14. The oral airway device according to claim 13 wherein the device comprises a curved portion to allow for depression of the tongue.

15. The oral airway device according to claim 14 wherein the device comprises a straight section referred to as a bite block to prevent a patient from biting through the device.

16. The oral airway device according to claim 15 wherein the device comprises a converging section on the outside circumference of the bite block to allow the teeth to glide across this section and remain in the area between the flair and the converging section defining a retention compartment for preventing movement of the device in relation to the patient's front teeth.

17. The oral airway device according to claim 16 wherein the position of the converging section may be adjusted by slidingly moving it along the bite block to allow the gap to be adjusted between the converging section and the flair.

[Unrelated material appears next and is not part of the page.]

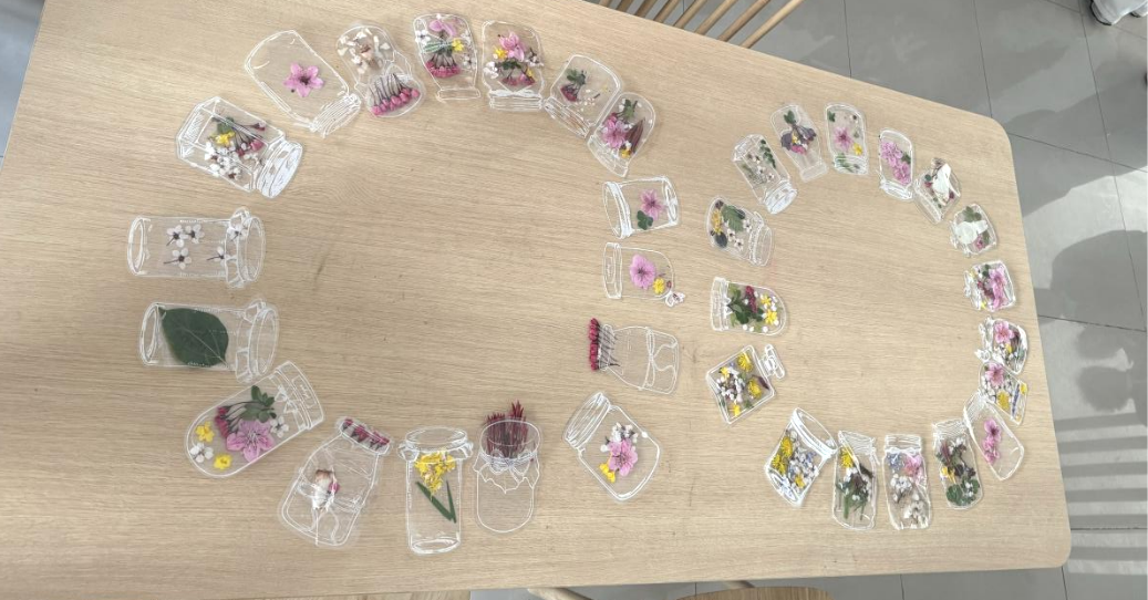 回到社区活动场地,便是创意无限的书签制作环节。同学们将采集的鲜花小心处理、压平,制作出独一无二的鲜花书签。有的同学将花瓣拼成爱心形状,表达对生活的热爱;有的同学用叶片勾勒出简约图案,展现清新自然之美。大家相互交流、互相学习,分享制作心得,现场氛围温馨融洽。

18. The oral airway device according to claim 17 wherein the position of the flair may be adjusted by slidingly moving it along the bite block to allow the gap to be adjusted between the converging section and the flair. 19, The oral airway device according to claim 18 wherein both the position of the flair and the converging section may be adjusted by slidingly moving it along the bite block to adjust the distance between the distal end of the oral airway device and the patient's trachea.

20. A method for inserting an oral airway device into the mouth of a patient comprising the steps of: a. adjusting the position of the converging section by slidingly moving it along the bite block until the desired distance between the distal end of the oral airway device and the patient's trachea is reached;b. adjusting the position of the flair by slidingly moving it along the bite block until the desired distance between the flair and the converging section is reached;c. inserting the oral airway device according to claim 19 into the mouth of the patient until the front teeth slidingly glide along the outside diameter of the hollow curved tubular member and the straight section of the bite block;d. further pushing the oral airway device into the mouth of the patient until the front teeth of the patient slidingly glide from the distal end of the converging section towards the proximal end of the converging section; ande. cease pushing the oral airway device into the mouth of the patient when the teeth slide off the converging section allowing the patient to clamp down so that the front teeth are wedged between the converging section and the flair, wherein this gap defines a retention compartment for preventing movement of the oral airway device in relation to the patient's teeth without the use of a strap.